Teller wins suit against thief

Discussion in 'General Discussion' started by krab, Mar 21, 2014.

  1. I have differing thoughts on this event.

    One hand, the belgian guys had "stolen" the presentation and patter. He was also selling it.

    On the other hand however, if the method differed, i don't think there should be a problem. Here, take a billet peek. There are many different variations, yet they all look the same. Is this a reason to sue someone?

    i'd like to hear your thoughts
  2. This was an original Teller effect. Tell asked the guy to stop selling it. The scumbag kept selling it knowing you can't copyright a method. Well this time the scumbag lost.
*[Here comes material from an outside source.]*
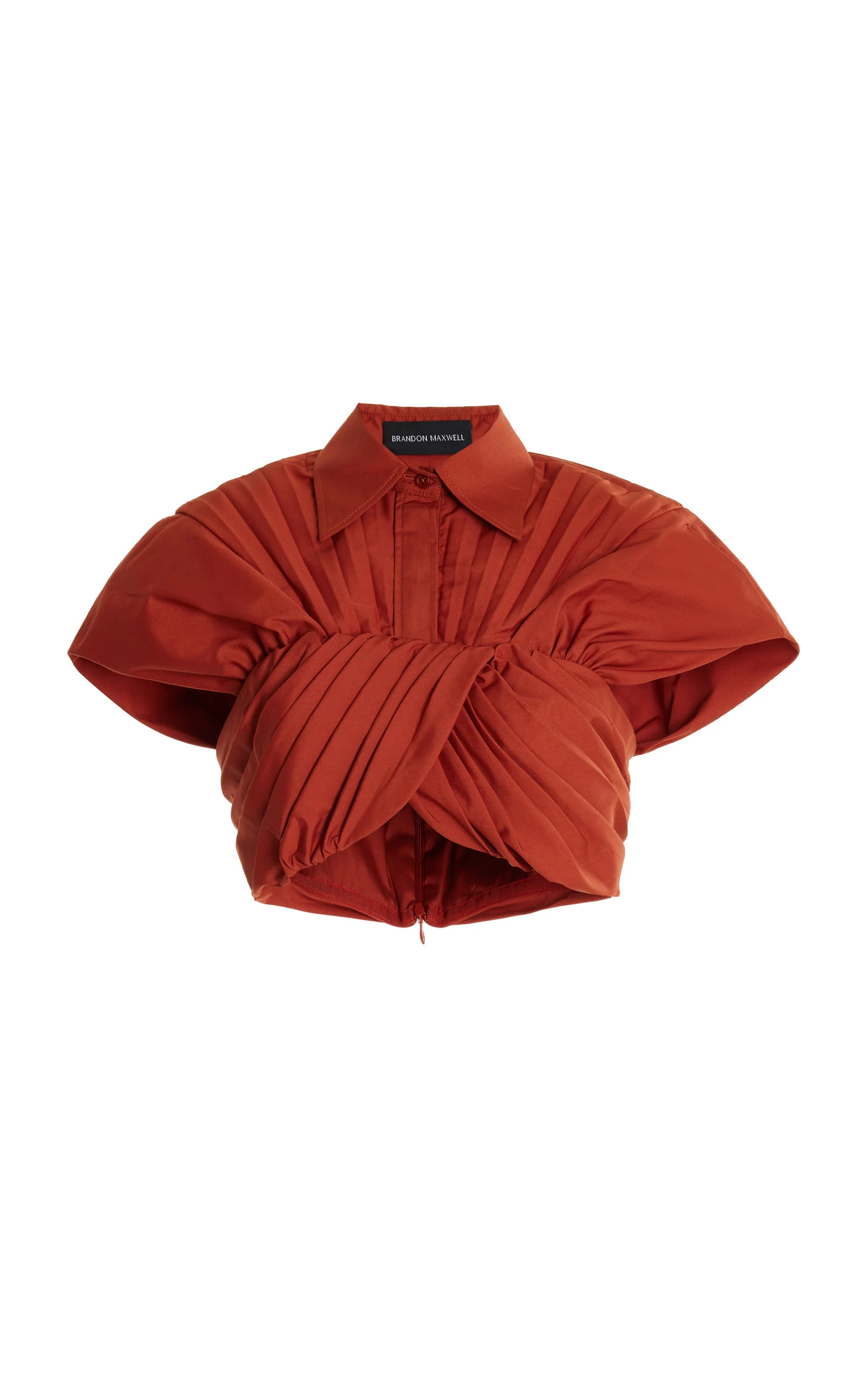 Maxwell returns to his roots for Pre-Fall '22, doubling down on thoughtful construction and silhouettes that flatter all—exactly what made him first fall in love with fashion and established him as a leading American designer. The results strike a poised glamour that's set to endure for seasons to come. Made from pure cotton, this slim cropped top has a draped effect and collared neckline. Pair yours with a maxi skirt for a cool cocktail look. PRODUCT DETAILS - Rust colorway is exclusive to Moda - Concealed zip fastening along back - Composition: 100% cotton - Dry clean only - Made in the USA SIZE & FIT - Our model is 180cm/ 5'11" and wearing a size 2 - Fits true to size, our fit specialist recommends taking your normal size

    As for different methods. This is getting into a grey area. It would have to be a marked improvement over the original. Putting out tiny Plunger with out plunger or pen is not a marked improvement.

    There are people ripping off and selling original effects as their own. There was this one guy who would do lecture tours non-stop Claimed to have invented more things than Marlo (who liked to claim everything as well) One day he was doing a demo in the lecture of "his" trick. turns out the guy who really invented it was a member of the ring. It didn't go over so well, but a couple of years later we see this same guy still selling it as his own. So the guy who really invented it started giving it away for free at conventions where this guy would lecture. He would send it to Rings where this guy was booked.

    Even on this very forum people claim something is original and want to sell it on the wire even though we can show it's not. They said since they didn't know they should get credit. Sorry no, no you don't. I just went through something like this last month. Something I had been doing for 20 years, turned out someone had published it a year after I came up with it. I'm sure this guy had been doing it long before he put it in Genii in 1996. So sure even though I can show I was doing it before he first published it wouldn't be right for me to go to market with it. All it took was one email to a guy who sent me a copy of the magazine where it was first published.

    So if it is close enough to something else, don't sell it or at least show it to the original creator and see if it is okay. chances are he either thought of it and it weakened the effect or it's still too close to their own work.
  3. Truer words have never been spoken
  4. #5 KeoSilver, Mar 22, 2014
    Last edited by a moderator: Mar 22, 2014
    From what I understand the illusion is protected because it was submitted as a play and is protected under copyright law as stated in the article.
  5. The judge said the method is not the copyright issue. It was the choreography and the presentation. Which to me seems odd you can protect every part of your act save for the method. So had the guy just sold the method and not the whole package I think the case would have gone differently.
  6. Yeah, as long as his presentation was significantly different he could have used the same method and got away with it. From what I understand.
  7. Legally yes but it is an ethics issue at that point. Yes there are some out there who still have ethics in magics.